Composition of the Nomination Committee
In accordance with the Nomination Committee procedures, as adopted at the AGM 2018, the Nomination Committee will normally consist of a representative for each of the three largest registered shareholders and the Chairman of the Board, who is to convene the first meeting of the committee, at latest in October the year before the next AGM.
The Chairman of the Nomination Committee will be the representative of the largest shareholder in terms of votes, or else the member elected to this position within the committee.
If any of the three largest shareholders in terms of votes refrains from taking a seat on the Nomination Committee, that seat will be offered to the fourth largest shareholder in terms of votes, etc., until such time as the owners are represented by three shareholders.

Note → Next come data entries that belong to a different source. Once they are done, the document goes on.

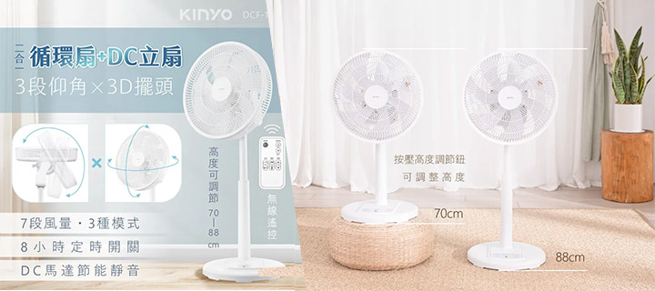 DC直流風扇【KINYO 14吋3D遙控二合一循環扇DCF-1420】✅可調整高度,是立扇也是循環電扇
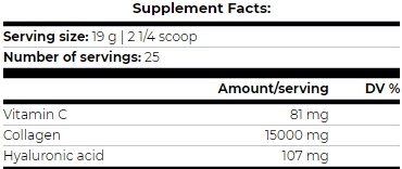 (фруктовый пунш): гидролизованный коллаген 79%, ароматизаторы, кислота (яблочная кислота, лимонная кислота), инулин, соль, гидролизованный порошок хряща 0,63%, гиалуроновая кислота 0,62%, l-аскорбиновая кислота, подсластители (сукралоза, ацесульфам к), цвет(кармин, бриллиантовый синий fcf)
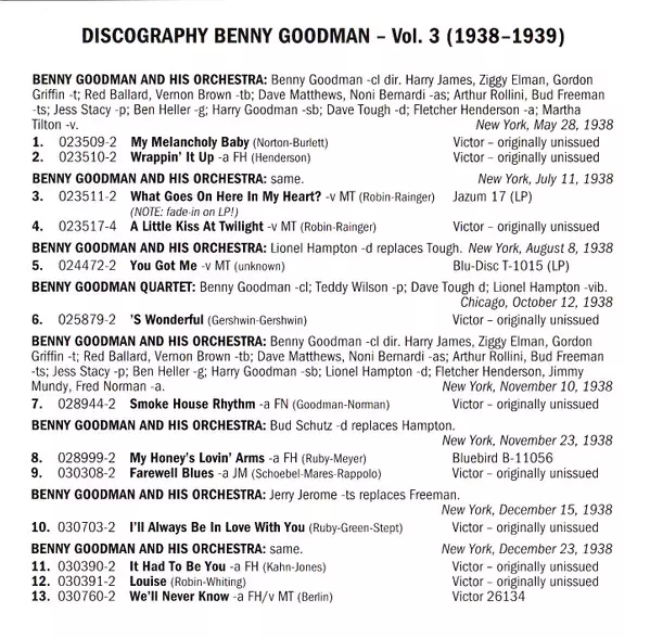 | Alto Saxophone Dave Matthews (2), Noni Bernardi | Arranged By Fletcher Henderson, Fred Norman, Jimmy Mundy | Bass Harry Goodman | Clarinet, Directed By, Leader Benny Goodman | Drums Buddy Schutz | Guitar Ben Heller | Orchestra Benny Goodman And His Orchestra | Piano Jess Stacy | Tenor Saxophone Arthur Rollini, Bud Freeman | Trombone Red Ballard, Vernon Brown | Trumpet Chris Griffin (3), Harry James (2), Ziggy Elman | Written-By Herman Ruby, Joseph Meyer | |||
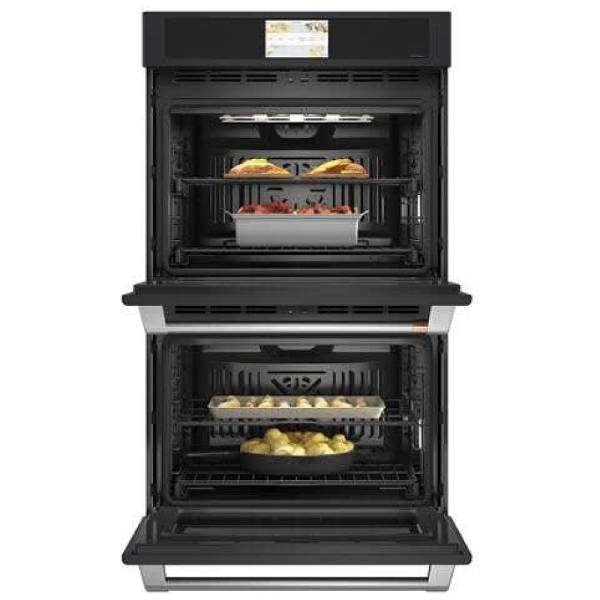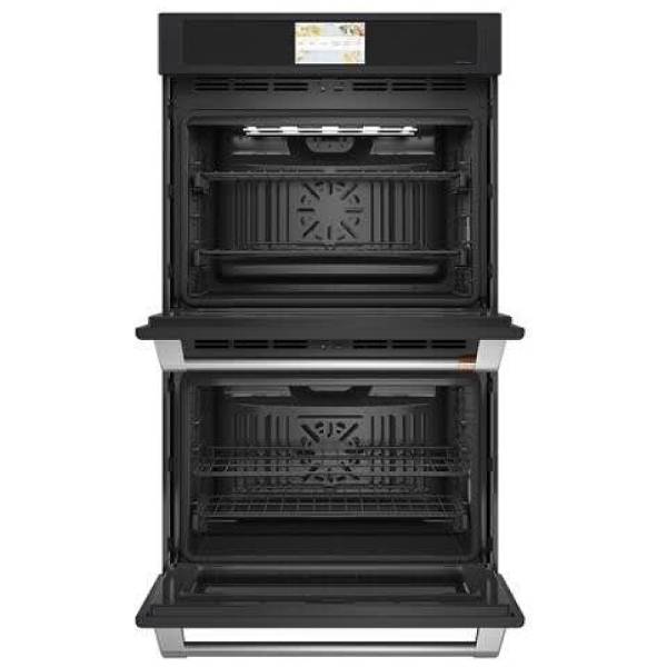Cafe CTD90DP3ND1 Double Wall Oven, 30 inch Exterior Width, Both Ovens Convection, Both Ovens Self Clean, 10.0 cu. ft. Capacity, Temperature Probe, Wifi Enabled, Matte Black colour Air Fry; True European Convection; Telescopic Gliding Extension Rack

In the case of a member leaving the committee before its work is complete, the shareholder shall have the right to appoint a new committee member.
In the case when a shareholder that has appointed a member of the Nomination Committee is no longer among the largest shareholders, the member appointed by said shareholder shall place his or her seat at disposal. The shareholder that has gained a place among the three largest shareholders shall be asked and have the right to appoint a member. The members of the Nomination Committee shall not be replaced if changes in votes are only marginal or if most of the work of the Nomination Committee ahead of the AGM is assessed by the Chairman of the Nomination Committee to have been completed already.
The names of the members of the Nomination Committee with information regarding which shareholders they represent will be announced in conjunction with the Company’s third interim report or, if changes are made later, as soon as they are made.
Nomination Committee's tasks
The task of the Nomination Committee is to put forward proposals, at the next Annual General Meeting, for the Chairman of the AGM, the Board of Directors, the Chairman of the Board, Auditors, fees for Board Members and Auditors, any committee fees, as well as proposals for changes in this instruction on Nomination Committee procedures.
No fee is paid to the members of the Nomination Committee. The Company shall recompense any reasonable costs that arise in connection with the Nomination Committee’s work.